I'll just touch on 1 1 thing that we've added to our own internal processes that

is definitely, I think, a core concept of DevOps and maybe not as corrugated in DataOps, but definitely very relevant there. And that is the

idea of canary rollouts.

Like, a canary rollout in software engineering is you have your

modified software artifact. You throw it also into production. You run some shadow traffic against it, and you see if they've got higher error rates than with your production microservice. And if you do, probably a good sign that you've screwed something up and you should roll it back and not do the full on canary or the full on rollout of your canary.

We've brought the exact same thing to Tecton into our platform and how we roll out our software.

And it's not just the software itself, but it's actually the data pipelines now too. And so whenever we roll out a new version of Tekton,

we need to be super careful that the data pipelines

for machine learning that we are managing,

that as we upgrade those for our customers, that we don't break things by accident.

And so we actually do deploy now canary data pipelines

in our customer's environment, and we do now look at the output of those data pipelines and

compare that output to

the source of truth, the previous system that's been or that's still running in production.

And if there are deviations between the output of those 2 different pipelines, then we realize, okay. There's probably an issue here.

Now we need to issue a rollback, and developer

needs to go in there and debug and see what's going on. And that's been extremely helpful in giving our developers confidence

to implement things quickly, iterate very quickly, and very safely roll out changes

to all of our customers who are running on our system to manage these data pipelines for ML in a in a safe way. It's the idea that democratization of access to data that we mentioned maybe gets in the way of the security thing, but I think it gets in the way of the data ops movement in some ways. And that does not exist as much in software engineering.
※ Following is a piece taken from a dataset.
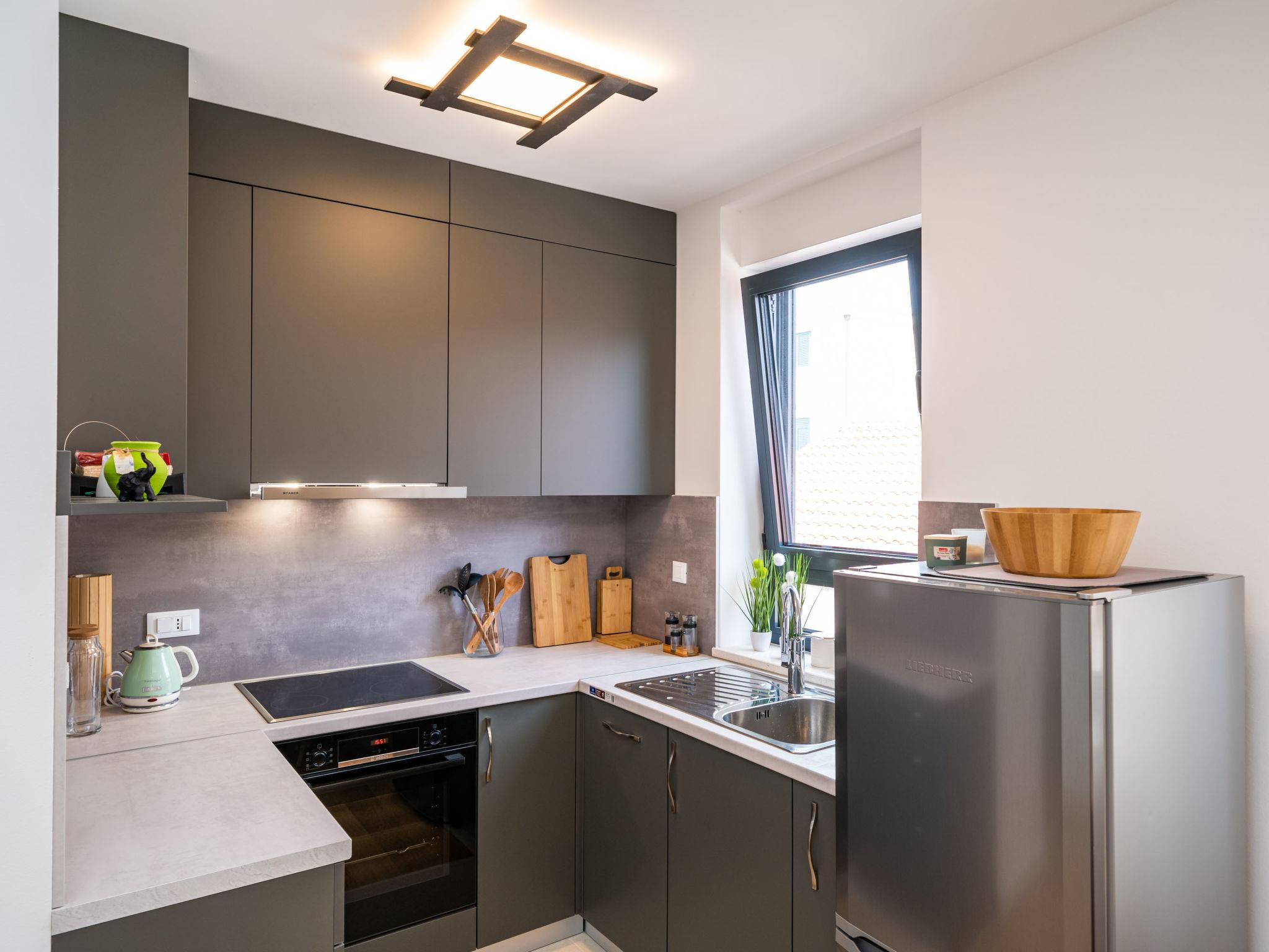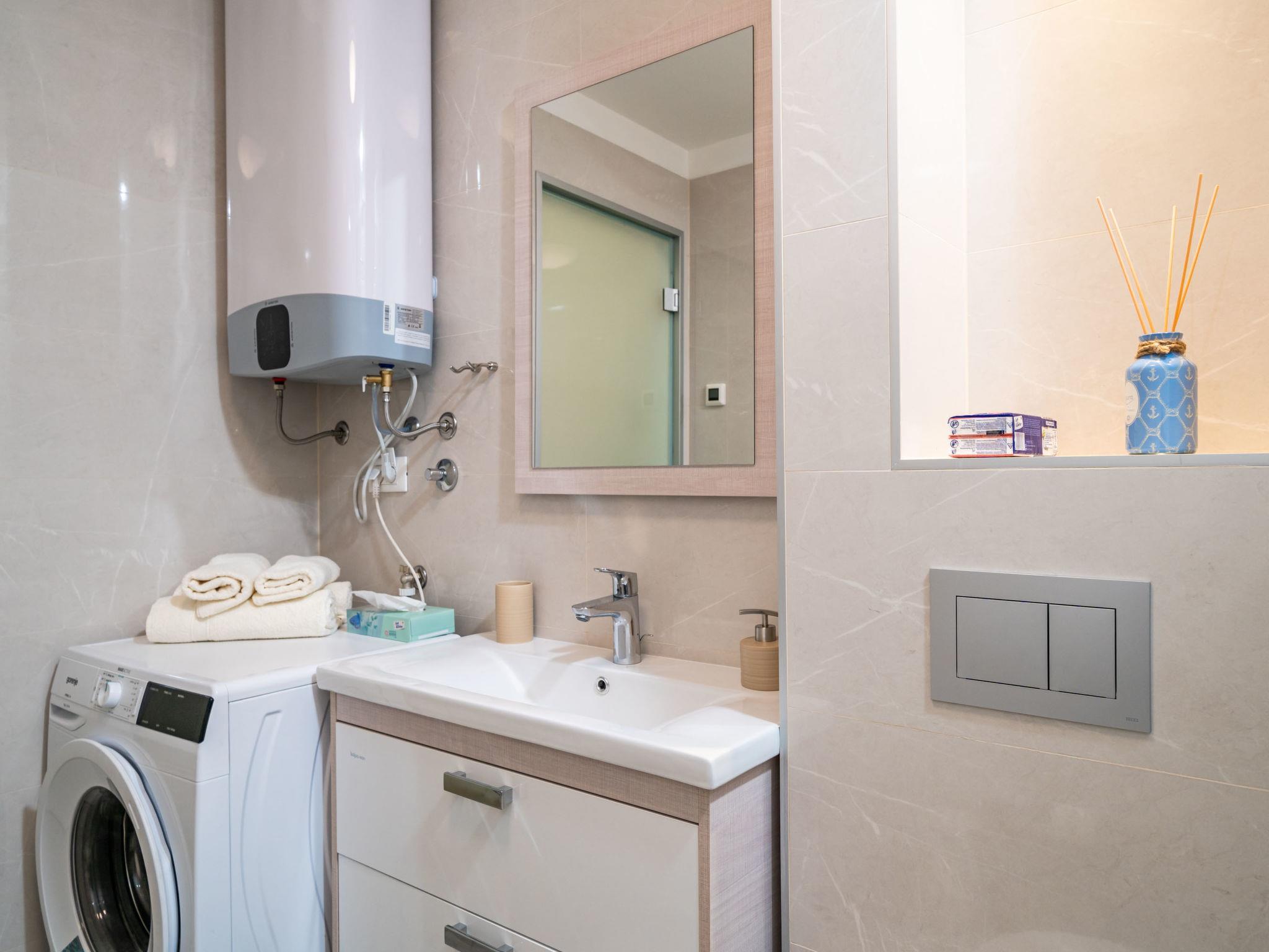 "Martina", 2-room apartment 46 m2. Living/dining room with cable TV (flat screen), air conditioning. Exit to the balcony. 1 room with 1 french bed (180 cm, length 200 cm), air conditioning. Open kitchen (oven, dishwasher, 4 ceramic glass hob hotplates, freezer). Bath/WC. Forced-air heating. Balcony 4 m2. Facilities: Internet (WiFi, free).
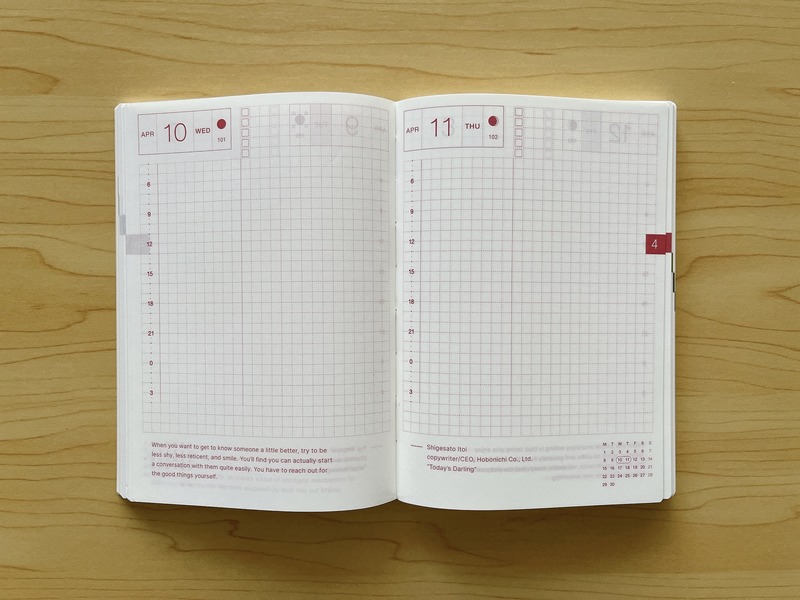 ▲1日ページのデザインは、旧暦が掲載されていない分、日本語とちょっと違います

So

perhaps data is a little bit more accessible and is more important to common

information workers

nowadays. So that means, like, we want for more people to partake in the analytics

process. Right? General, like, we want for more people to create data visualization

on the consumption layer, but I think it's true too that we want more people to speak SQL, learn SQL, derive data sets. And maybe that's not true, but I've been working a lot in that direction of, like, enabling more people

to write pipelines and to derive dataset and to just become more sophisticated

up the level of data literacy.

And that's a move in data that brings in all information workers, and we don't really have that in software engineering, you know, in the same way, right? Like what would be the DevOps movement that's all about kinda rigor and processes and certain way of doing things.

Adding like more structure on top of things so we can do things more progressively,

more continuously.

Like, how does that work in data while we're also trying to bring in, like, just a new wave of people? Is that okay to tell them, like, oh, now if you wanna play that game,

you gotta use this very complex framework.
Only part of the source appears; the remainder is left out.